However there have been limits to being a completely nonprofit entity. In pursuit of financing amid the rising computing prices of cutting-edge AI, OpenAI created its capped-profit subsidiary in 2019 to handle a brand new $1 billion funding from Microsoft. Three years later, ChatGPT took the world by storm. Sutskever, and different members of OpenAI’s board, tried and finally failed to oust Altman amid accusations of dishonesty in 2023. (Altman denied these accusations.) In 2024 — one yr after Sutskever and different members of OpenAI’s board tried and finally did not oust Altman amid accusations of dishonesty — the group introduced its intention to go absolutely company and splinter off the nonprofit into its personal absolutely impartial entity.

The transition to for-profit “simply didn’t odor proper,” mentioned Orson Aguilar, head of LatinoProsperity, an financial justice nonprofit and Bracy’s co-leader at EyesOnOpenAI. He wasn’t alone: By early 2025, a dozen former OpenAI workers filed an amicus temporary aimed toward stopping the conversion as a result of it will “basically violate its mission.” And greater than 60 nonprofit, philanthropy, and labor leaders, lots of them primarily based in OpenAI’s dwelling state of California, agreed that the try and privatize felt unfair given the extent to which the corporate benefited from its tax-free standing throughout its early improvement.

To understand what this all means, attempt pondering of OpenAI’s for-profit arm as an angsty tween and the nonprofit as her well-meaning, however usually powerless guardian.

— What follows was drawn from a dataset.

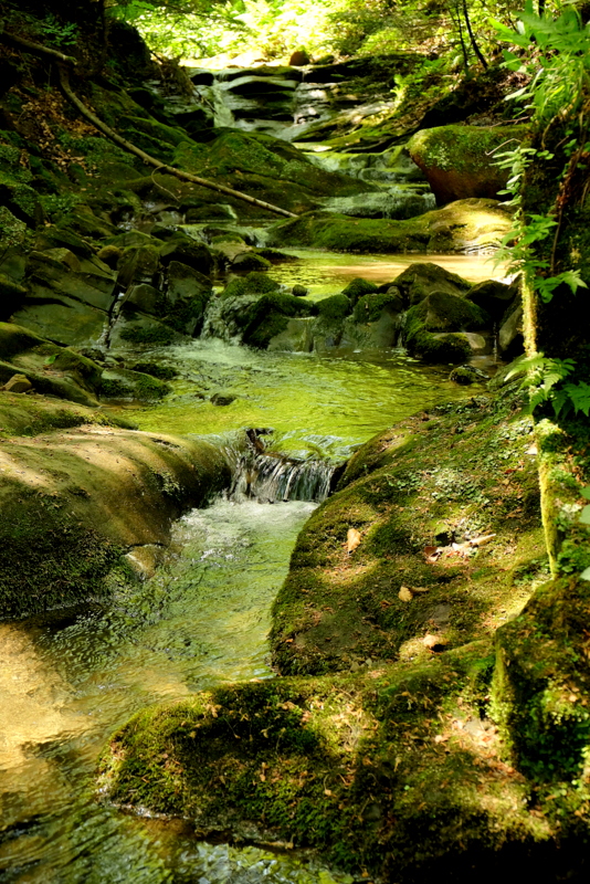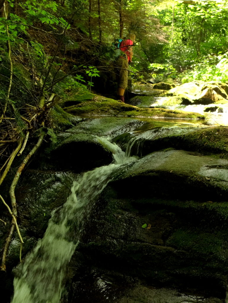 Czasem trzeba wyjść na brzeg i nim przejść kolejny odcinek. Trzeba też się zatrzymać aby zrobić zdjęcia licznym tu kaskadom. Koleżanka proponuje nawet aby kiedyś wybrać się na wędrówkę, której głównym celem byłoby takie przejście w górę jakiegoś długiego potoku. Trzeba by zaopatrzyć się tylko w odpowiednie do tego celu obuwie… Fajny pomysł!

For years, the tween had been allowed to do her personal factor, however solely inside sure limits — she nonetheless needed to do her homework and get dwelling by a sure time. Now think about, she’s sick of getting a curfew. “No person else has one!” She nonetheless lives in her mom’s home, however she desires to observe her personal guidelines.

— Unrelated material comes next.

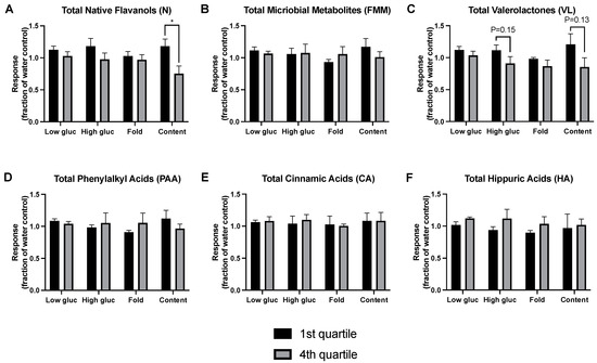 The findings in Figure 5 suggest that specific compound classes are associated with enhanced GSIS activity, when the highest vs. lowest efficacy urine samples were compared independent of treatment. To further evaluate these findings, the reverse analysis was performed: the highest and lowest concentration quartile of each compound class were determined, and the GSIS capacity of these urine derived samples were compared (Figure 6). This reverse analysis strengthened several results from Figure 5. For total native flavanols, the highest quartile of metabolite levels produced significantly higher insulin content levels compared to the lowest levels (Figure 6A). For valerolactones (Figure 6C), the highest vs. lowest quartile approached significance during the high glucose condition (p = 0.15) and insulin content (p = 0.13). There was no significant separation in GSIS response between quartiles for total microbial metabolites or any microbial metabolite class (Figure 6B,D–F). Again, highly conservative tests were used due to the exploratory nature of this analysis and the number of comparisons.

That’s type of what occurred right here. Up till now, OpenAI’s for-profit subsidiary had a capped-profit mannequin, which means there have been limits on how a lot cash buyers might make. However this new deal paved the best way for the for-profit to change into a full-time company girlie, charitable bylaws be damned. And whereas OpenAI’s new public profit company nonetheless technically exists underneath the unique nonprofit’s management, it largely follows its personal guidelines. It will possibly increase as a lot cash because it desires and ultimately, it’s going to possible go public.

However California historical past did present some hope that the general public may no less than get some significant profit from the transition. Again within the Nineteen Nineties, California’s department of the well being insurer Blue Cross Blue Defend — then a nonprofit known as Blue Cross of California — determined to denationalise. After some haggling with state regulators, the corporate agreed to forfeit all of its belongings, value $3.2 billion, to a pair of impartial nonprofits in alternate for going non-public. The consequence was the California Endowment, which is now the state’s largest well being basis.

Many nonprofit leaders in California hoped that OpenAI, which is headquartered within the state, would strike an identical deal, ceding a majority of its belongings to a completely impartial nonprofit. And people belongings had been and are monumental.

Gary Mendoza, a former state official who oversaw the Blue Cross deal, estimated the OpenAI nonprofit’s rightful belongings at over $250 billion, or half the corporate’s $500 billion value. “Something wanting 50 %,” he informed the San Francisco Examiner final yr, “is a missed alternative.” And past cash for the general public, assuming the nonprofit stored its shares, it will add as much as sufficient affect to actually form OpenAI’s company decision-making at a key second for the way forward for synthetic intelligence.

On condition that the OpenAI Basis ended up with little greater than 1 / 4 of the ultimate firm, that is clearly not what occurred. However EyesOnOpenAI’s years-long lobbying effort was not a complete bust. The criticism proved highly effective sufficient that final Might, OpenAI was pressured to surrender on an preliminary plan to restructure away its nonprofit belongings into a brand new group wholly disconnected from OpenAI, which might have left the nonprofit with no authorized management over the for-profit arm.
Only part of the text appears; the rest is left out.